- DVD Poster
- Directed by: Roy de Silva
- Written by: Roy de Silva
- Produced by: E.A.P Films
- Starring: Bandu Samarasinghe Tennyson Cooray Ranjan Ramanayake Sangeetha Weeraratne
- Cinematography: G. Nandasena Lalith M. Gomez
- Edited by: Densil Jayaweera Pradeep Mahesh
- Music by: Somapala Rathnayake
- Distributed by: E.A.P Films
- Release date: 23 March 1998 (Colombo);
- Country: Sri Lanka
- Language: Sinhala

= Re Daniel Dawal Migel =

Re Daniel Dawal Migel (රෑ දනියෙල් දවල් මිගෙල්) is a 1998 Sri Lankan Sinhala comedy, action film directed by Roy de Silva and produced by Soma Edirisinghe for E.A.P Films. It is the first film of Re Daniel Dawal Migel film franchise. It stars comic duo Bandu Samarasinghe, and Tennyson Cooray in lead roles along with Ranjan Ramanayake, Sangeetha Weeraratne and Maduranga Chandimal. Music for the film is done by Somapala Rathnayake. The film became one of Sri Lanka's blockbuster movies with reaching more than 150 days in cinema theatres. It is the 894th Sri Lankan film in the Sinhala cinema.

==Plot==
Daniel (Bandu) and Migel (Tennyson) are two kind-hearted but mischievous thieves in the village. They are known for stealing chickens, goats, cattle, and doing other canny things, and they are caught by the village headmaster. After these incidents, they begin to leave the village and move to town.
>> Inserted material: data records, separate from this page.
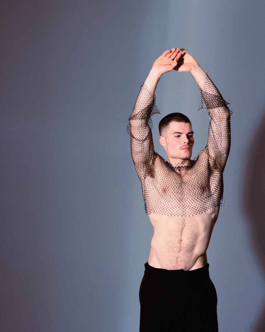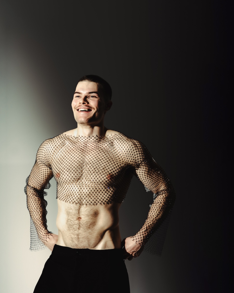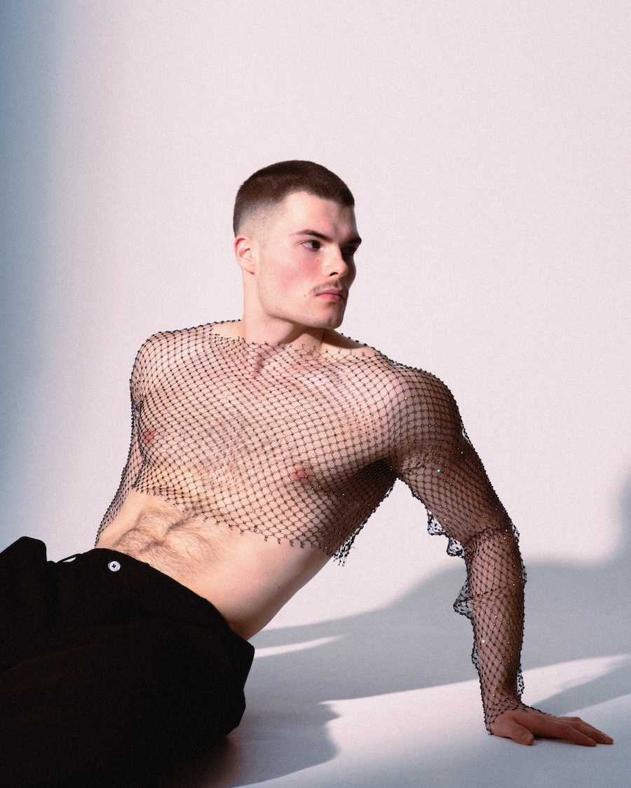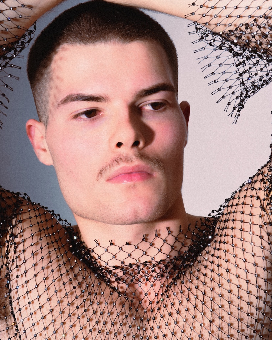 A KALTBLUT exclusive. Photographed and Styled by Grzegorz Serczyk. The model is Kacper. “SKINFRAME” plays on the tension between exposure and construction, using mesh, corsetry, and light as structural elements that redefine the male silhouette. It’s an editorial where fashion sculpts the body — and the body becomes the purest form of style.
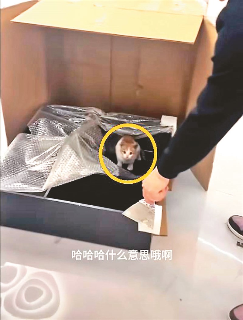 當一家人正開箱的時候,包裹再次傳出微弱的「喵喵」叫聲,小孩貼近一聽確認真的就在櫃子裡,讓家人加快動作想把小動物救出來。沒想到後來真的在櫃子背面發現一隻活生生的小貓,此時小貓終於「重見天日」,不停來回張望顯得有些害怕。
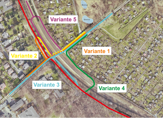 - In der Variantenuntersuchung für eine Geh- und Radwegüber- oder -unterführung als Ersatz für den BÜ Grünewaldstraße werden die fünf in Abb. 1 dargestellten Varianten untersucht.

After moving to town, two detectives, Cobra and his ally (Roy and Lietch), are looking for Daniel and Migel to arrest them. Meanwhile, Daniel and Migel are caught by gangs through a woman, Madhuri (Sangeetha). After a fight, Daniel and Migel become friends with Madhuri. The gang is led by Chandi Ayya (Ranjan), and they have come to find Madhuri. Daniel and Migel rescue Madhuri, and Chandi Ayya also leaves the gang and becomes their friend.

After many incidents, the four of them escape from the two detectives several times and fall in love with women from higher noble families, pretending they are also very rich. Soon the lovers realise the truth and reject them. The final battle with Chandi Ayya's former group takes place, and the four realise their lies. Daniel and Migel are arrested during the end credits.

==Cast==
- Bandu Samarasinghe as Ra Daniyel
- Tennyson Cooray as Dawal Migel
- Ranjan Ramanayake as Chandi Ayya
- Sangeetha Weeraratne as Madhuri
- Maduranga Chandimal as Sanjaya
- Roy de Silva as C.I.D Cobra
- Sumana Amarasinghe as Sanjaya's mother
- Ronnie Leitch as Cobra helper
- Ruwanthi Mangala as Nirosha
- Feliz Premawardena

==Soundtrack==

| No. | Title | Lyrics | Singer(s) | Length |
|---|---|---|---|---|
| 1. | "Semata Pihitawana" | Hemasiri Halpita | Nuwan Gunawardana, Gratien Ananda, Champa Kalhari |  |
| 2. | "Sihilal Adara Pawane" | Hemasiri Halpita | Samith Mudunkotuwa |  |
| 3. | "Mal Mal Sihinaya" | Hemasiri Halpita | Nuwan Gunawardana, Gratien Ananda, Champa Kalhari |  |
| 4. | "Hitha Pathanaa Pathum" | Hemasiri Halpita | Nuwan Gunawardana, Champa Kalhari |  |
| 5. | "Maa Rahasin Amatha" | Hemasiri Halpita | Gratien Ananda, Latha Walpola |  |

==Sequel==
Two more films of the franchise have been released. The second installment Re Daniel Dawal Migel 2 was released on 2000 and third and final installment Re Daniel Dawal Migel 3 was released on 2004.